Globalement, le renouveau de l'entreprise procède d'une remise en cause de l'État providence. Il est généralement admis qu'il est nécessaire d'accorder plus de liberté et donc un rôle accru à l'entreprise. L'acceptation de cette évolution a pour origine une transformation profonde de la situation économique dans des pays industrialisés. Elle traduit la prise de conscience de la fin d'une période de croissance rapide et relativement régulière, et de l'entrée dans une ère de croissance ralentie, voire de stagnation. Ce constat a entraîné, dans les faits, des conséquences différentes selon les pays concernés. Certains aspects du libéralisme à l'américaine peuvent apparaître excessifs à un observateur français, et les tentatives de réforme de l'entreprise annoncées dans les pays de l'Est semblent bien timides.
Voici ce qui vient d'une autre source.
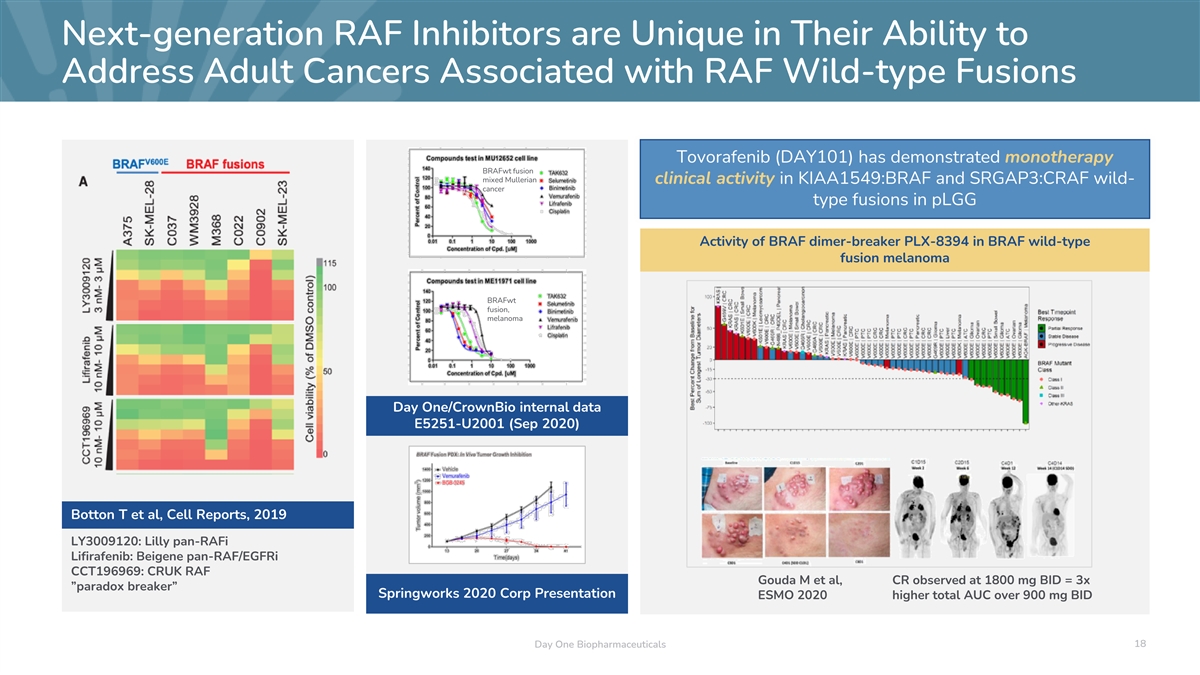 Our Pipeline Recent & Product Candidate Indication Preclinical Phase 1 Phase 2 Phase 3 Anticipated Milestones Topline data presented: January 2023 Pre-NDA meeting & NDA 1 Relapsed pLGG FIREFLY-1 (pivotal) submission planned: Q2 2023 Tovorafenib (DAY101) NDA data set presentation Type II Pan-RAF Inhibitor planned: Q2 2023 ü FDA Breakthrough Therapy Designation for relapsed pLGG First patient dosed: FIREFLY-2 (pivotal) Frontline pLGG ü FDA Rare Pediatric Disease March 2023 Designation (PRV Eligible) for pLGG ü FDA Orphan Drug Designation for malignant glioma First patient dosed: RAF-altered November 2021 ü EC Orphan Designation for glioma FIRELIGHT-1* 2 solid tumors Abstract accepted for presentation: Q2 2023 (monotherapy) MAPK-altered First patient dosed: Pimasertib FIRELIGHT-1* May 2022 3 solid tumors MEK 1/2 Inhibitor (Combo w/tovorafenib) 1 2 3 *Includes patients ≥12 years of age. FIREFLY-1 Arm 1 expected to support registration. DAY101 adult monotherapy Phase 1 dose escalation and expansion trial previously completed. Pimasertib Phase 1 dose escalation and expansion trial previously completed. pLGG, pediatric low-grade glioma. Tovorafenib and Pimasertib are investigational products. Safety and efficacy have not been established by any health authority. Day One Biopharmaceuticals 17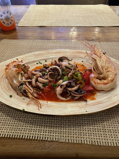 Read moreСтояли на входе наверно минут 6, никто не подошёл. Обычно принято встречать и подсказывать куда можно присесть. Потом обратили на нас внимание. Мы сели, 5 минут ждали меню, потом подошла официантка принимать заказ... без меню... класс. Но меня не столь волнует обслуживание, как качество еды. В итоге более отвратительной еды я не ела, только в столовых Сочи. Кальмары с облепиховым соусом я выплюнула. Салат с креветкой и авакадо... дикий ужас, зачем разминать авакадо в салате... это же не бутерброд... креветки в нем были будто сырые. Свежевыжатый сок в бутылке , вы серьезно ? Который уже стоит целый день, а возможно и вчерашний. НО ОН БЫЛ ВКУСНЫЙ, В ПРИНЦИПЕ ТОЛЬКО ОН И БЫЛ ВКУСНЫЙ. Лосось на гриле в ароматном масле и специях ... я вообще не почувствовала специй и масла. Картофель фри был ничего и муж сказал, что креветки в сливочном соусе тоже более менее, но во второй раз он бы такое не заказ. ПОДВЕДУ ИТОГИ: КАЧЕСТВО ЕДЫ ОСТАВЛЯЕТ ЖЕЛАТЬ ЛУЧШЕГО. Я никогда в жизни сюда больше не приду и вам не советую. Цены маленькие и блюда...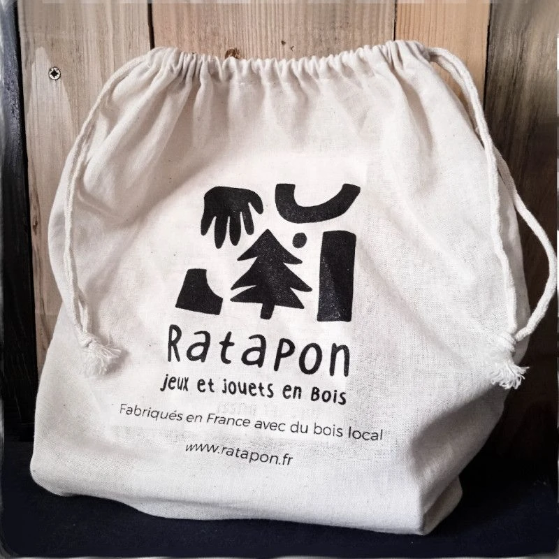 Emballage Zéro déchet: Chaque jouets en bois Ratapon® est proposé sans emballages ou dans une pochette textile de coton lorsque le jouet est composé de plusieurs pièces.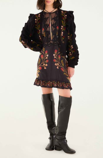 Fluttering frills add romance and volume to this woolly cardigan detailed with signature flowery stitching.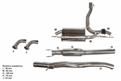Aktywny układ wydechowy TurboWorks z przepustnicami typu CatBack. Wydech wykonywany z niezwykłą starannością z najwyższej jakości stali nierdzewnej. Układ pozwala zwiększyć moc samochodu przez optymalizację prędkości przepływu spalin z silnika. Zastosowanie przepustnic w wydechu pozwala komfortowo przejechać trasę jak i dobrze usłyszeć dźwięk silnika.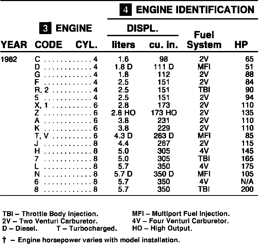 Home >> Chevrolet >> 1982 >> Chevette L4-98 1.6L >> Repair and Diagnosis >> Powertrain Management >> Application and ID >> Engine VIN Code Identification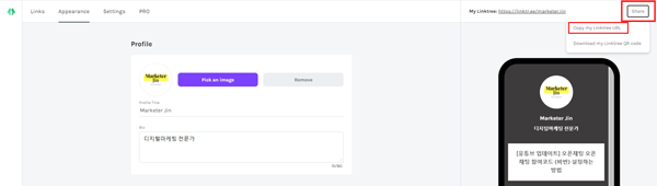 인스타그램에 링크트리 주소 넣기 (Share)
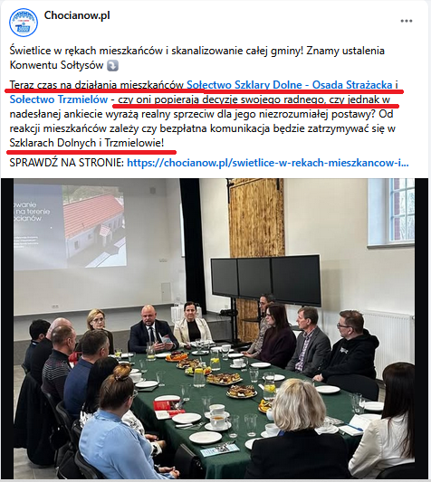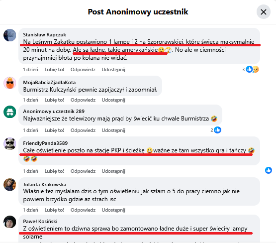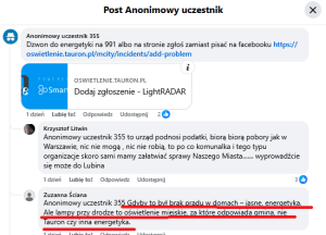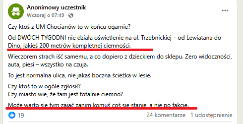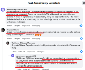 Jak widać, że nie tylko Facebookowe bohomazy odnośnie zaniedbań w realizacji zadania zapewnienia oświetlenia w Gminie to produkt eksportowy myśli chłoptaków z Lubina. Nie muszą korzystać z oświetlenia w Chocianowie, więc mogą czekać tygodniami na naprawy, bo mają swoje wielkomiejskie źródła światła i radości z widzenia spraw prowincji nieco na opak urzędniczej powinności.

Mais, dans tous les cas, la tendance est à une modification des comportements dans la sphère économique et à une redistribution des pouvoirs dans la société.

La période de croissance rapide qui a suivi la Seconde Guerre mondiale a succédé à des années de crises économiques et de conflits militaires. Elle a permis de satisfaire – au moins partiellement – deux aspirations profondes, et souvent liées des individus : elle leur a donné plus de protection et plus de stabilité. Le moyen utilisé pour atteindre ce résultat a été l'intervention des pouvoirs publics dans la vie économique et sociale. La législation a réglementé de manière de plus en plus précise les comportements. Les politiques économiques et fiscales ont encadré le déroulement du processus économique.

Les coûts de cette évolution ont été loin d'être négligeables. La liberté de décision et d'action des entreprises a été considérablement réduite. L'application des mesures politiques a aussi demandé des ressources considérables. Mais, aussi longtemps que le rythme de croissance est resté élevé, l'opinion dominante soutenait que les avantages issus de ces choix de société l'emportaient largement sur leurs inconvénients.

Les moyens employés par l'État pour atteindre ses objectifs de protection individuelle et de stabilité peuvent être regroupés en deux grandes catégories. Il y a d'abord les transferts de ressources. La fiscalité et la parafiscalité, ainsi que les politiques de subvention en sont les exemples les plus évidents. Mais les politiques tarifaires, imposées par voie réglementaire, en sont aussi une illustration. Moins apparentes, mais tout aussi importantes, sont les actions indirectes qui imposent des contraintes aux entreprises. On trouve, dans cette seconde catégorie, tout un ensemble de mesures qui relèvent en fait de philosophies différentes. Très schématiquement, on peut distinguer les règles destinées à garantir la sécurité de la collectivité et celles qui contribuent à protéger tel ou tel groupe particulier. Certaines lois sociales, qui favorisent les salariés ou les organisations syndicales au détriment de la clientèle ou des usagers, en constituent un exemple. Si l'avantage de ces dernières mesures est facile à identifier, leur coût, par nature diffus, est difficile à évaluer.